A summary statement of the previous paragraph could be this: I pit myself against myself, and therefore I progress rather slowly in my walk with Christ. The result is a predictable pattern of increment success and failure, and it might even be argued that the best of my good behaviour lacks sincerity or heart. And at this point, I would like to consider God's feelings in all this.

As I have already noted, God loves me. I must, therefore, in my service for Him, act as if I love myself. By default. Yet I can't help but feel on occasion that if God truly loved me as the Scriptures claim, I would actually perceive His instructions for my life. If, on the other hand, God has determined that for the present season I am to work a 9-5 job that discourages me, bury myself in theological readings, and spend a whopping amount of time by my lonesome, where Satan finds me and jabs his megaphone into my ears with instructions that I would like to tempt myself into thinking are of God, then what precisely is God doing to help me out of my present circumstance? I won't lie here; I'm sick of this back and forth, this tension between good and evil.

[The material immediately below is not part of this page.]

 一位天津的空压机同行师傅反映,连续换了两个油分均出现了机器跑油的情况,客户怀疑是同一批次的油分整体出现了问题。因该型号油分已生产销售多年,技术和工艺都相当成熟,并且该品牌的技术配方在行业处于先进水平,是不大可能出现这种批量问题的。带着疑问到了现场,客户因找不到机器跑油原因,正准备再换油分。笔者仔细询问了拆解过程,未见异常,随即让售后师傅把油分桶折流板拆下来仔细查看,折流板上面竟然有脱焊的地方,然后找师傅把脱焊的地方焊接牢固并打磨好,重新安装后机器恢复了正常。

I would really love to just stop the fighting and rest. I truly hope it's just a temporary rut, but right now I feel entirely willing to step out of the reality that is this struggle and let the good and evil forces fight for possession of me. Ironically, even though God is the stronger contender, my understanding suggests the devil would get me by default. But what is an eternity of damnation to someone that doesn't care for himself at the lowest level of his consciousness? Again, I have reason to indulge sin, but for my unshakable desire to do the will of the Holy Spirit. And that, my friends, is my present conundrum.

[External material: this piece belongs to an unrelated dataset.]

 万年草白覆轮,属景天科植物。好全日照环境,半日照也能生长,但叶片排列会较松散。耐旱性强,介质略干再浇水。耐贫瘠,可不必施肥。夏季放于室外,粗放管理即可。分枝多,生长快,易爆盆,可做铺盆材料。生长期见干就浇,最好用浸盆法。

Why is it that, if God dwells inside me and Satan calls to me from a distance, it feels like the opposite is true? Or maybe I was just plain right when I said I would be content to forget yesterday ever happpened. Anyway, prayers welcome. I don't actually want to fail here. It just feels like it would be so natural is all.

2 Comments:

Blogger dgood said...

I guess we don't really get guarantees on having things easy in a lot of our areas including work and temptation, that challenge may be the whole point. I expect it can take a long time to find out what the purpose is behind your circumstances or even what path you're intended to follow. It's gotta be there though. And keep in mind there's only a degree you can possibly fail, the whole process is a series of accomplishments and setbacks, I think for all of us.

16/6/08 09:21  
Blogger James said...

My search for truth started well before I became a Christian. I might even suggest it started the moment I was born, but I only identified it later in life. And the truth, through my lens, can be a shifty thing. On the one hand, I am compelled to think that the truth is an honest and accurate assessment of what is happening in actuality, in which case I am a sinner and can justify hating many things about myself, if not to the extend of hating the whole being. But then the Bible offers another spin on the narrative, which says that this world is not a clear lens through which the truth can be viewed, that Jesus Christ is not just the embodiment of God but also of the truth, and that we have spirits within us that know this but seem to have no way of genuinely communicating it to our minds, which lack the capacity to know truth. Can we perceive facets of reality? Yes, though limited, we have been given a capacity to understand perceivable events and objects. Is there a truth that runs through the whole machine and permanently affects all its pieces? I believe so. I just can't rationalize these two nuggets: I intend to serve Christ; I often betray Him. Being so grounded in logic, I find it hard to think that God looks upon us and sees what we could be if we'd accept every fibre of His plan for us. Conversely, I see what I am, not what I might have been. This one is a doozy for me. By that reasoning, God either transcends logic or is utterly illogical. Or perhaps He condescends to the fact that He's eternal and our present order is temporary. Maybe He's the one being pulled in two directions, and I'm just arrogant enough to think it's me who's stretched thin with this stuff.